Your task:
A word-for-word copy of the entries is needed, and it should contain no images.

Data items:
▽

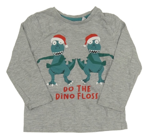 Sivé melírované tričko s dinosaurami s vánočním motívom C&A
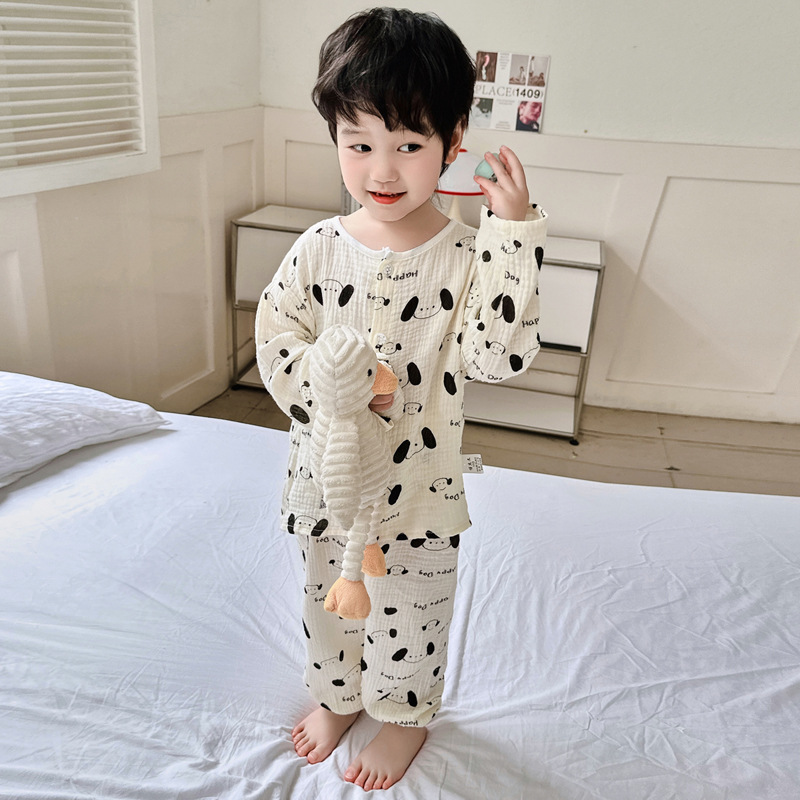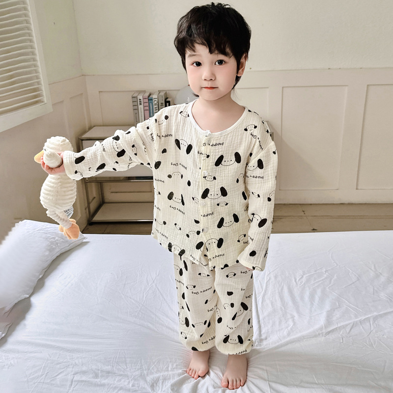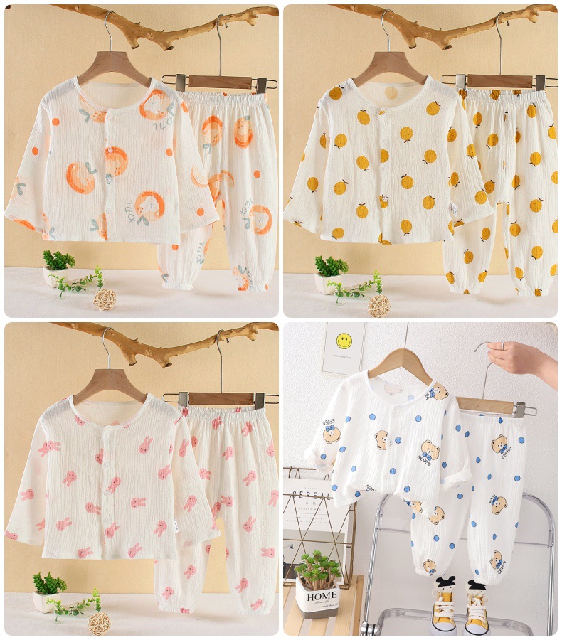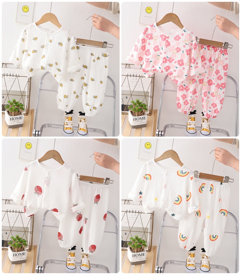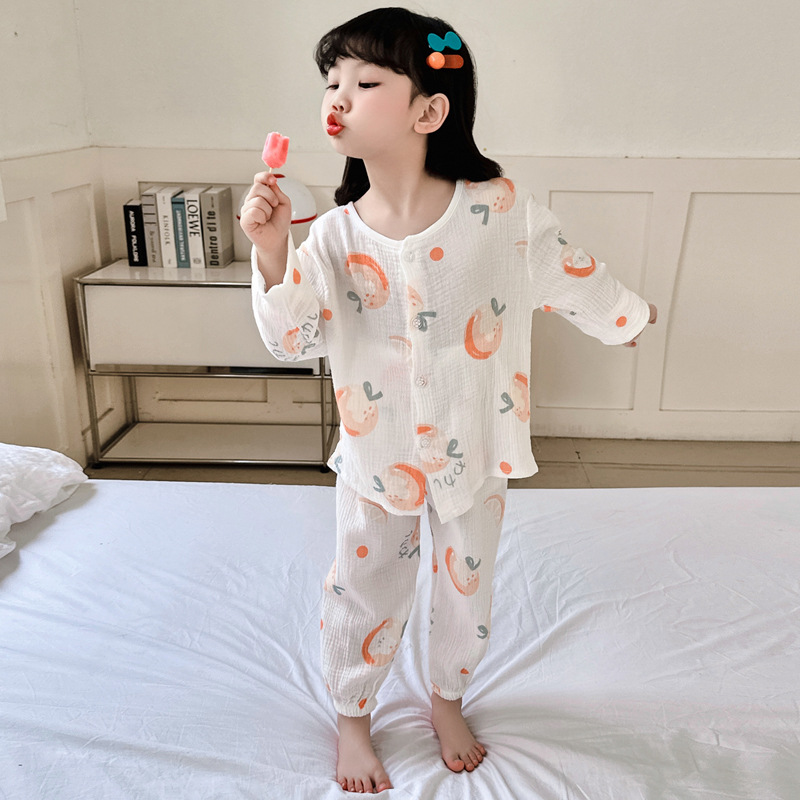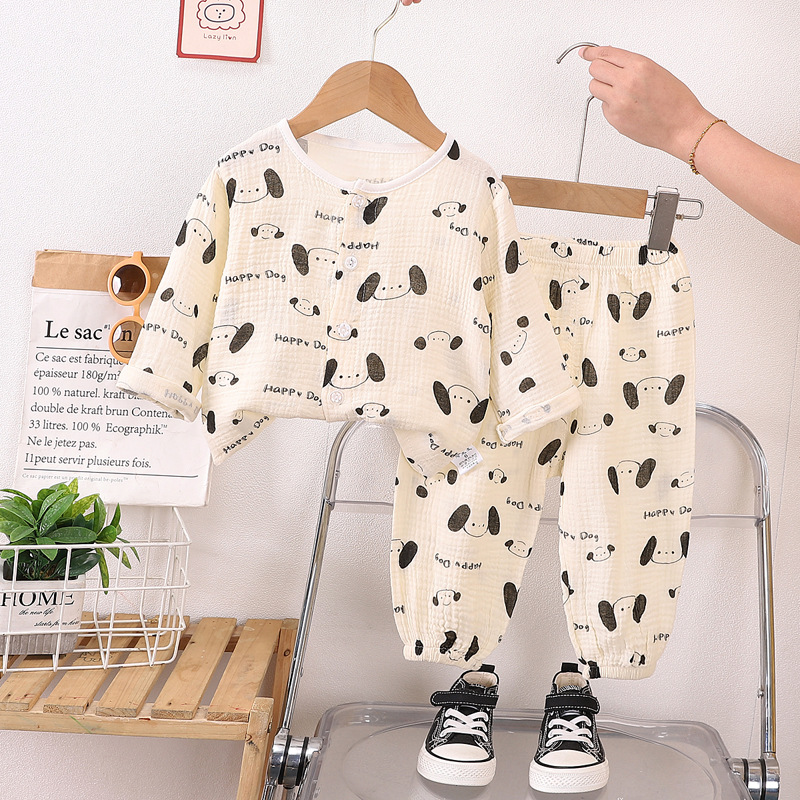 소년의 면사 파자마 세트 아기의 순면 홈 옷 얇은 어린이 홈 옷 만화 어린이 에어컨 옷스토어 가기
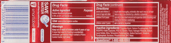 Active Ingredients: Sodium Monofluorophosphate (0.12% w/v Fluoride Ion) (0.76 %), Anticavity. Inactive Ingredients: Propylene Glycol, Calcium Pyrophosphate, PVP, PEG/PPG 116/66 Copolymer, PEG-12, Glycerin, Flavor, Hydrogen Peroxide, Sodium Lauryl Sulfate, Silica, Tetrasodium Pyrophosphate, Sodium Saccharin, Disodium Pyrophosphate, Sucralose, Phosphoric Acid, BHT, Water.
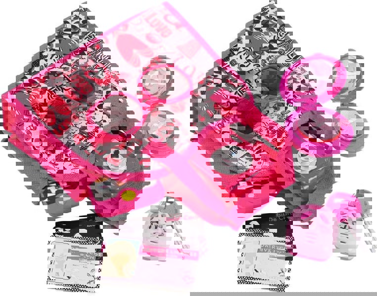Features: Contains a variety of accessories: pretend makeup, glamorous sunglasses, a handbag, toy camera, and a toy phone. Built-in light and sound functions—brilliant for your little beauty guru.
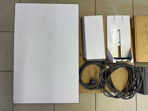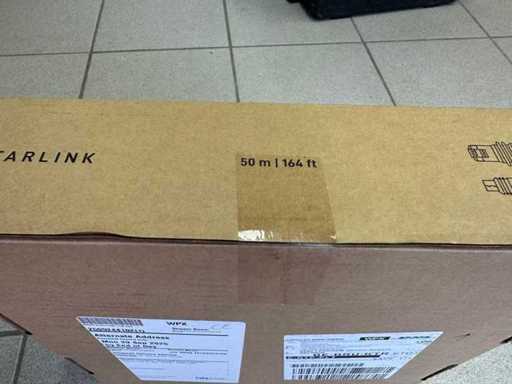 Complete Starlink satellite internet set consisting of rectangular satellite dish, Starlink router/power supply, mounting base and 50 meters of Starlink cable. Offers high-speed satellite internet, ideal for locations without a fixed internet connection. Hardware is transferable; subscription to be taken out separately with Starlink. Tested, complete and in good condition. Subscription not included. Completely new cable unused (included).

△

Response:
 Sivé melírované tričko s dinosaurami s vánočním motívom C&A
 소년의 면사 파자마 세트 아기의 순면 홈 옷 얇은 어린이 홈 옷 만화 어린이 에어컨 옷스토어 가기
 Active Ingredients: Sodium Monofluorophosphate (0.12% w/v Fluoride Ion) (0.76 %), Anticavity. Inactive Ingredients: Propylene Glycol, Calcium Pyrophosphate, PVP, PEG/PPG 116/66 Copolymer, PEG-12, Glycerin, Flavor, Hydrogen Peroxide, Sodium Lauryl Sulfate, Silica, Tetrasodium Pyrophosphate, Sodium Saccharin, Disodium Pyrophosphate, Sucralose, Phosphoric Acid, BHT, Water.
Features: Contains a variety of accessories: pretend makeup, glamorous sunglasses, a handbag, toy camera, and a toy phone. Built-in light and sound functions—brilliant for your little beauty guru.
 Complete Starlink satellite internet set consisting of rectangular satellite dish, Starlink router/power supply, mounting base and 50 meters of Starlink cable. Offers high-speed satellite internet, ideal for locations without a fixed internet connection. Hardware is transferable; subscription to be taken out separately with Starlink. Tested, complete and in good condition. Subscription not included. Completely new cable unused (included).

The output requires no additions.